[Dataset entries]
┏━━

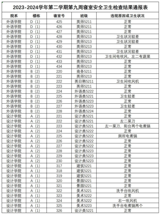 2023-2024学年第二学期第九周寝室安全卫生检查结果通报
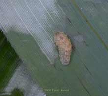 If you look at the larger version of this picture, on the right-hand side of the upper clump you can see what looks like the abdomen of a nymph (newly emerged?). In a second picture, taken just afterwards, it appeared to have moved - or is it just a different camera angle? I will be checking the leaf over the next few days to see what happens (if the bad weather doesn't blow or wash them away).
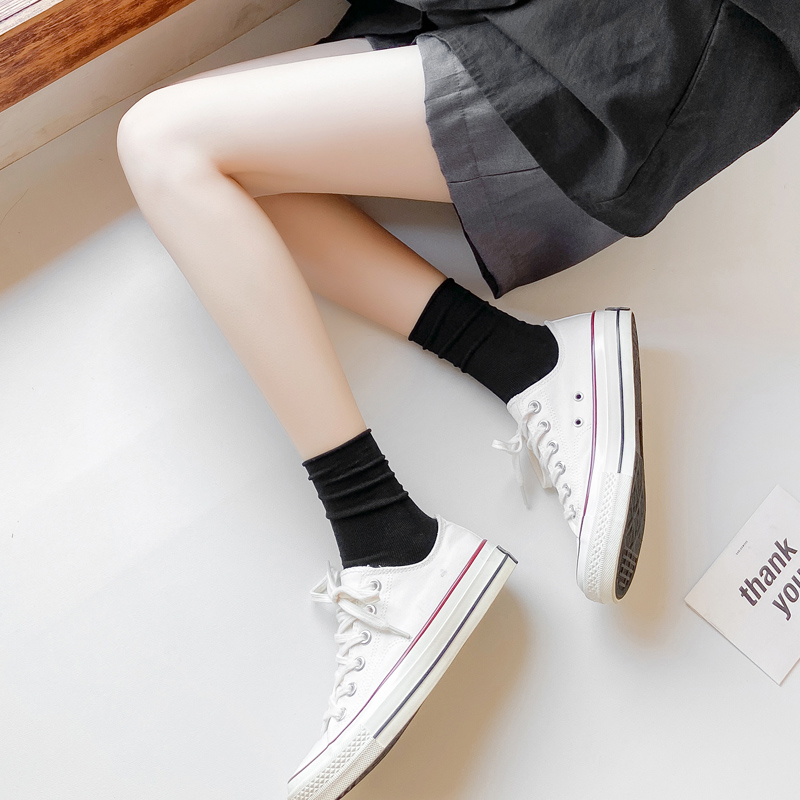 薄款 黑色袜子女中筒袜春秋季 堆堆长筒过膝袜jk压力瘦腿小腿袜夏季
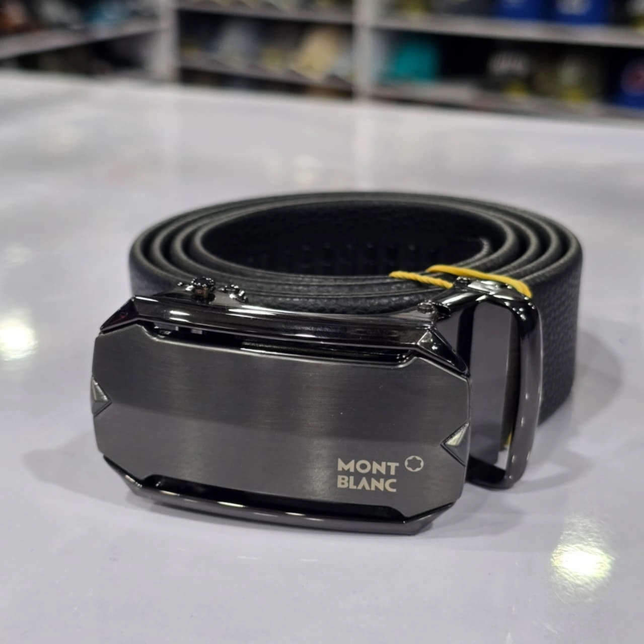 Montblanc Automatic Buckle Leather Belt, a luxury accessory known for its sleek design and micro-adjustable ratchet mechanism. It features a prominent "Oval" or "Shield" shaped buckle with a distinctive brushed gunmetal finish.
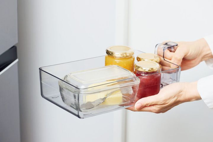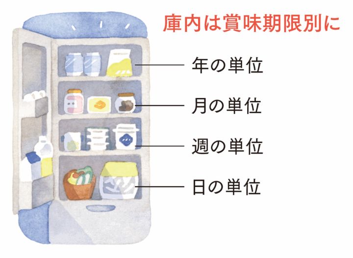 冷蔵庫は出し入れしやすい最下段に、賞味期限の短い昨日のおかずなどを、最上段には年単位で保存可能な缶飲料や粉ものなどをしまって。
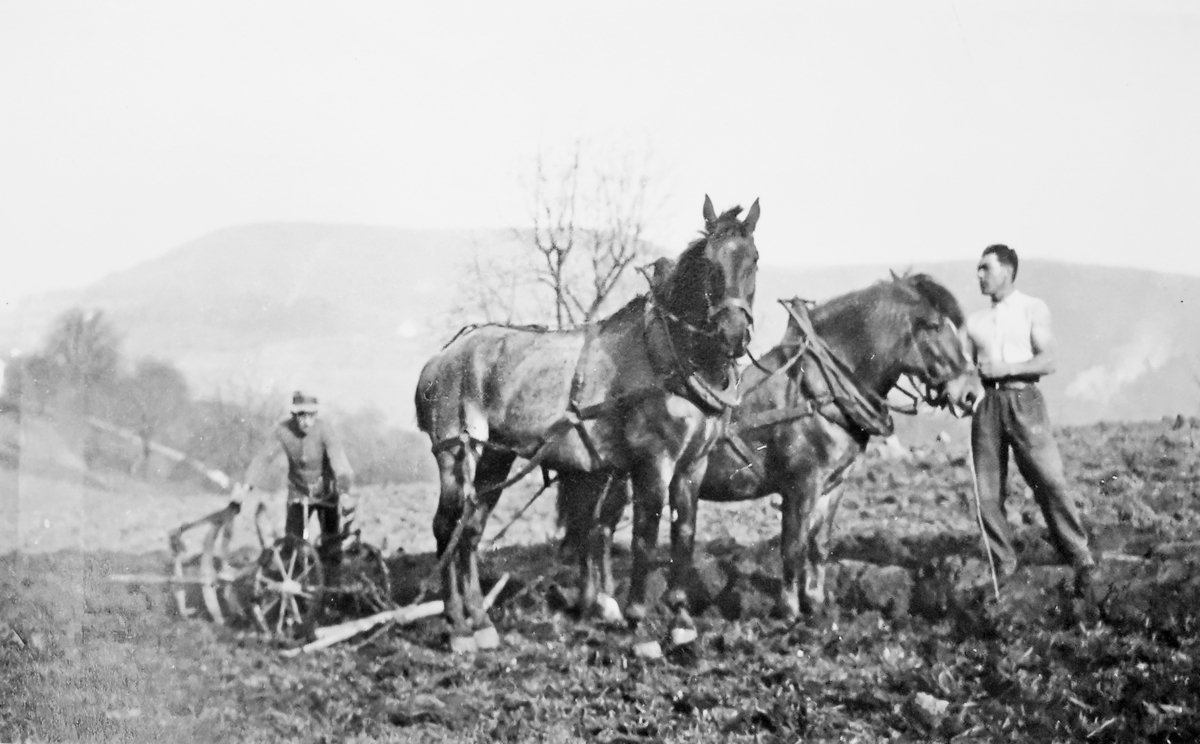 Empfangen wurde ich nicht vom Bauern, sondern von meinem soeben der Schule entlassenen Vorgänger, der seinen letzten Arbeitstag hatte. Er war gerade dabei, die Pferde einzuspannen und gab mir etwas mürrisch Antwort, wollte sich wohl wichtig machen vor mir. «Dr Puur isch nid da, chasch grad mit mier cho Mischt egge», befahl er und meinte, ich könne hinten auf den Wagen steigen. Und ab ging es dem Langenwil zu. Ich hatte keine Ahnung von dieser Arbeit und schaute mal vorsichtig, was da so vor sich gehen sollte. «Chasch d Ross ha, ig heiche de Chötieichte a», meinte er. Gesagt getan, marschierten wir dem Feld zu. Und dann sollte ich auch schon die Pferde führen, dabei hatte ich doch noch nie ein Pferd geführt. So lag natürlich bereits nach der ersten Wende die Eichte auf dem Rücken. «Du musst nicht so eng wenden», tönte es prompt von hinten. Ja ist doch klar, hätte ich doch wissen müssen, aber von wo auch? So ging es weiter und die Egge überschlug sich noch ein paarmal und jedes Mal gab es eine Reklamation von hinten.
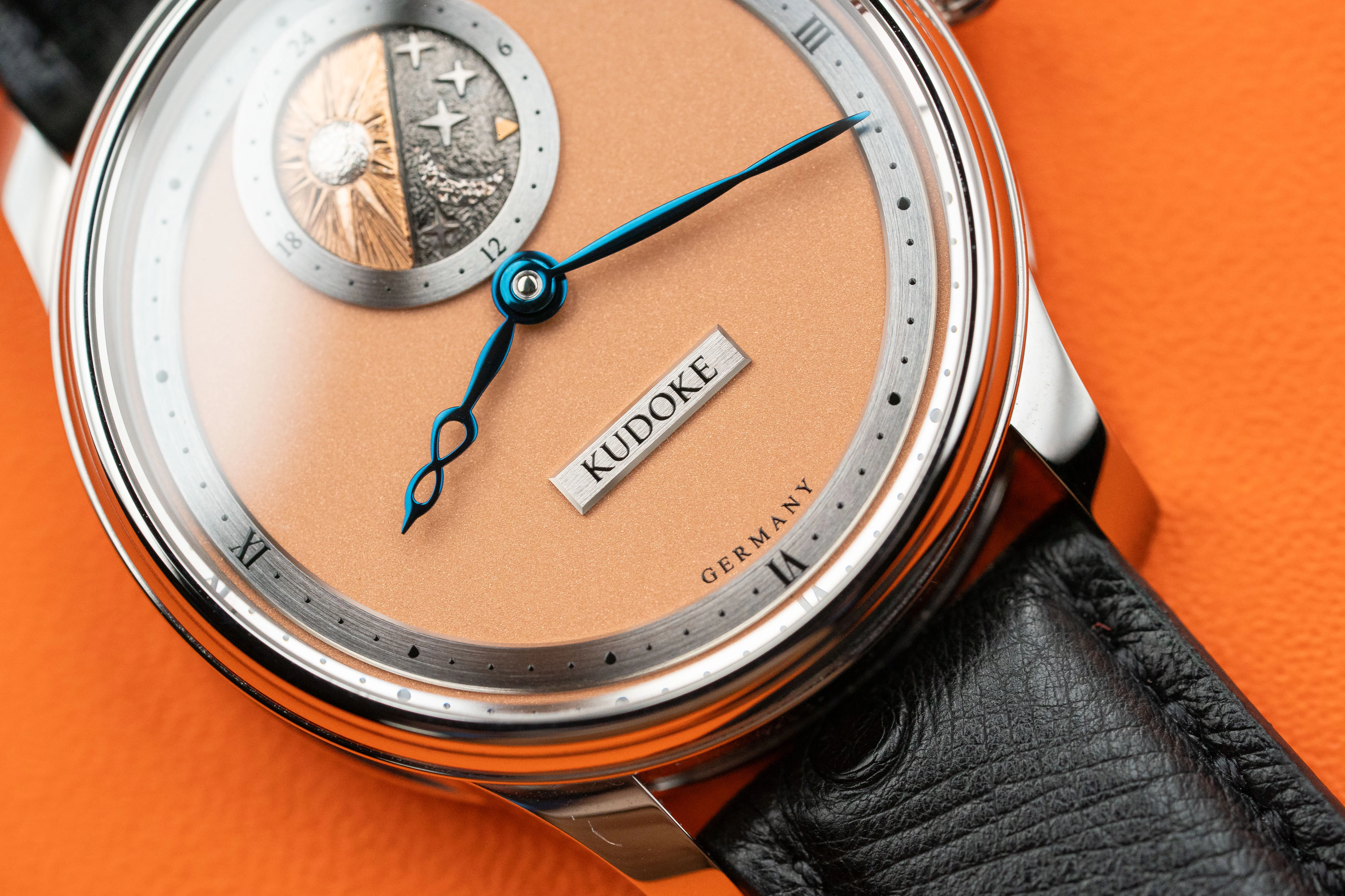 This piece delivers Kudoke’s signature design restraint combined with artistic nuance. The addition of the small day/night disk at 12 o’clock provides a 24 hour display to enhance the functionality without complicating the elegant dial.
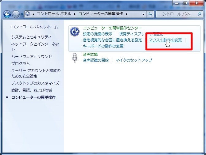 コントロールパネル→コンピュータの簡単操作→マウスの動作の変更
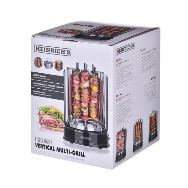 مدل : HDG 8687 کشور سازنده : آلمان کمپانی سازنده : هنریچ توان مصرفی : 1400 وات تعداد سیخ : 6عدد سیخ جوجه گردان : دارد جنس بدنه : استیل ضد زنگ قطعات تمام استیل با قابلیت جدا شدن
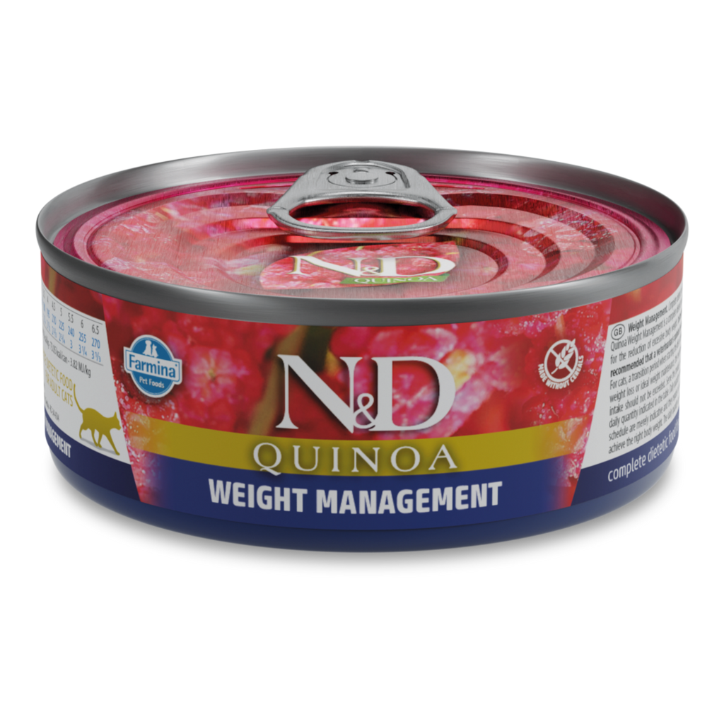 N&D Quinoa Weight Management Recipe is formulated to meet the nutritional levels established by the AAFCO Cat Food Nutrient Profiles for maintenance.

┗━━

WHAT YOU SHOULD DO.
Set the entries down again exactly. Do not include the images.

FINISHED TASK.
 2023-2024学年第二学期第九周寝室安全卫生检查结果通报
 If you look at the larger version of this picture, on the right-hand side of the upper clump you can see what looks like the abdomen of a nymph (newly emerged?). In a second picture, taken just afterwards, it appeared to have moved - or is it just a different camera angle? I will be checking the leaf over the next few days to see what happens (if the bad weather doesn't blow or wash them away).
 薄款 黑色袜子女中筒袜春秋季 堆堆长筒过膝袜jk压力瘦腿小腿袜夏季
 Montblanc Automatic Buckle Leather Belt, a luxury accessory known for its sleek design and micro-adjustable ratchet mechanism. It features a prominent "Oval" or "Shield" shaped buckle with a distinctive brushed gunmetal finish.
 冷蔵庫は出し入れしやすい最下段に、賞味期限の短い昨日のおかずなどを、最上段には年単位で保存可能な缶飲料や粉ものなどをしまって。
 Empfangen wurde ich nicht vom Bauern, sondern von meinem soeben der Schule entlassenen Vorgänger, der seinen letzten Arbeitstag hatte. Er war gerade dabei, die Pferde einzuspannen und gab mir etwas mürrisch Antwort, wollte sich wohl wichtig machen vor mir. «Dr Puur isch nid da, chasch grad mit mier cho Mischt egge», befahl er und meinte, ich könne hinten auf den Wagen steigen. Und ab ging es dem Langenwil zu. Ich hatte keine Ahnung von dieser Arbeit und schaute mal vorsichtig, was da so vor sich gehen sollte. «Chasch d Ross ha, ig heiche de Chötieichte a», meinte er. Gesagt getan, marschierten wir dem Feld zu. Und dann sollte ich auch schon die Pferde führen, dabei hatte ich doch noch nie ein Pferd geführt. So lag natürlich bereits nach der ersten Wende die Eichte auf dem Rücken. «Du musst nicht so eng wenden», tönte es prompt von hinten. Ja ist doch klar, hätte ich doch wissen müssen, aber von wo auch? So ging es weiter und die Egge überschlug sich noch ein paarmal und jedes Mal gab es eine Reklamation von hinten.
 This piece delivers Kudoke’s signature design restraint combined with artistic nuance. The addition of the small day/night disk at 12 o’clock provides a 24 hour display to enhance the functionality without complicating the elegant dial.
 コントロールパネル→コンピュータの簡単操作→マウスの動作の変更
 مدل : HDG 8687 کشور سازنده : آلمان کمپانی سازنده : هنریچ توان مصرفی : 1400 وات تعداد سیخ : 6عدد سیخ جوجه گردان : دارد جنس بدنه : استیل ضد زنگ قطعات تمام استیل با قابلیت جدا شدن
 N&D Quinoa Weight Management Recipe is formulated to meet the nutritional levels established by the AAFCO Cat Food Nutrient Profiles for maintenance.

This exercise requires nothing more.